Question:
Draw two concentric circles of radii 3 cm and 5 cm. Taking a point on outer circle construct the pair of tangents to the other. Measure the length of a
tangent and verify it by actual calculation.
Solution:
Given, two concentric circles of radii 3 cm and 5 cm with centre 0. We have to draw pair of
tangents from point P on outer circle to the other.
Steps of construction
- Draw two concentric circles with centre 0 and radii 3 cm and 5 cm.
- Taking any point P on outer circle. Join OP.
- Bisect OP, let M’ be the mid-point of .

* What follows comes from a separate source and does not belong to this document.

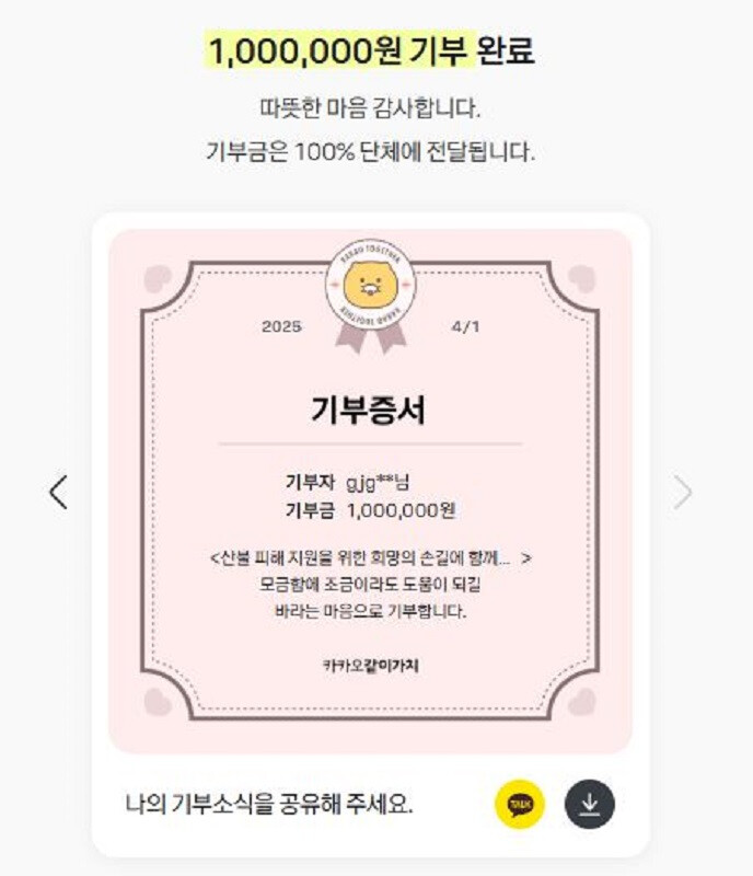 이번 모금은 재단 임직원이 참여해 성금 1백만 원을 모았으며, 광주 사회복지공동모금회 사랑의 열매 온라인 모금함 ‘산불 피해 지원을 위한 희망의 손길에 함께해주세요’를 통해 기부 액을 전달했다.
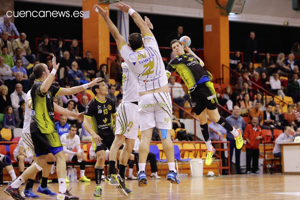 34 (14+20).- Globalcaja Ciudad Encantada: Oliva; Álvaro Pérez-Ortiz (7, 3p), Mendoza, Renaud (6), Dzokic, Frade (4), Sifre (5), siete inicial, De Hita (p), Nacho Moya (1), Lipovina (8), Viscovich y Milosevic (3).

Taking M’ as centre and OM’ as radius draw a circle dotted which cuts the inner circle at M and P’. - Join P M and PP’. Thus, PM and PP’ are the required tangents.
- On measuring PM and PP’, we find that PM = PP’ = 4 cm.
Actual calculation
In right angle $\triangle O M P$, $\angle P M O=90^{\circ}$
$\therefore$ $P M^{2}=O P^{2}-O M^{2}$
[by Pythagoras theorem i.e. (hypotenuse) $^{2}=(\text { base })^{2}+$ (perpendicular) $^{2}$ ]
$\Rightarrow \quad P M^{2}=(5)^{2}-(3)^{2}=25-9=16$
$\Rightarrow \quad P M=4 \mathrm{~cm}$
Hence, the length of both tangents is $4 \mathrm{~cm}$.